The applicant also submitted an FOI request to the NMBI for a copy of his line manager’s statement.  The NMBI’s decision on that request is the subject of a separate review by this Office (OIC-59016). 

During the course of the review, Ms Swanwick of this Office forwarded to the applicant details the HSE had provided of the searches it had undertaken to locate the relevant record and of its explanation as to why it did not hold the record.  She informed him of her view that the HSE was justified in refusing access to the record sought under section 15(1)(a). In response, the applicant indicated that he wished to receive a decision on the matter.

I have now completed my review in accordance with section 22(2) of the FOI Act. In carrying out my review, I have had regard to the correspondence between the HSE and the applicant as outlined above and to the communications between this Office and both the HSE and the applicant on the matter.

Scope of the Review

The scope of this review is concerned solely with whether the HSE was justified, under section 15(1)(a) of the FOI Act, in refusing the applicant’s request for access to the statement submitted by his line manager to NMBI in response to a complaint he had made against that individual.

Analysis and Findings

Section 15(1)(a) of the FOI Act provides that a request for access to records may be refused if the records sought either do not exist or cannot be found after all reasonable steps to ascertain their whereabouts have been taken. The Commissioner’s role in such cases is to review the decision of the FOI body and to decide whether the decision was justified. This Office must have regard to the evidence available to the decision maker in arriving at his/her decision. The evidence in “search” cases generally consists of the steps actually taken to search for the records along with miscellaneous other information about the record management practices of the FOI body, insofar as those practices relate to the records in question.

In its engagements with this Office, the HSE stated that the complaint at issue in this case was made by the applicant to the NMBI and not to the HSE. It stated that the line manager did not provide the HSE with any information relating to that complaint and as such, it does not hold the record sought. It said the line manager confirmed that she had received a letter about the complaint that had been sent to her personal email address. She said she was not seeking support from her line manager on the matter and had not provided her with a copy. The relevant Director of Nursing and Business Manager were contacted and they confirmed that no NMBI or human resources type complaints had been received in relation to the applicant’s line manager.

Having considered the HSE’s explanation as to why it does not hold the statement sought by the applicant, I am satisfied that the HSE was justified in refusing access to the record on the ground that it does not hold the record sought. I should add that while the FOI Act defines records held by a public body as including records under the control of the body, I am satisfied that the record sought in this case is not under the control of the HSE.

Had the applicant made a complaint to the HSE in relation to a human resources issue, I would expect the HSE to hold copies of records relating to that complaint. However, that is not what happened in this case. Instead, he made a complaint to the independent body that is charged with examining complaints about the behaviour, conduct, practice or health of registered nurses or registered midwives. As such, I am satisfied that the record sought would properly be held by the NMBI.

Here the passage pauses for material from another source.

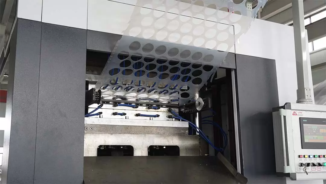 Calentamiento de láminas: Las láminas de plástico (como PET, PP, PS, etc.) se introducen en el área de calentamiento y se calientan a la temperatura de ablandamiento adecuada a través de un sistema de calentamiento eléctrico o infrarrojo.

In conclusion, therefore, I find that the HSE was justified in refusing access to the record sought on the ground that it does not hold the record.

Decision

Having carried out a review under section 22(2) of the FOI Act, I hereby affirm the decision of the HSE to refuse the applicant’s request for access to the statement submitted by his line manager to NMBI under section 15(1)(a) of the FOI Act.

Right of Appeal

Section 24 of the FOI Act sets out detailed provisions for an appeal to the High Court by a party to a review, or any other person affected by the decision. In summary, such an appeal, normally on a point of law, must be initiated not later than four weeks after notice of the decision was given to the person bringing the appeal.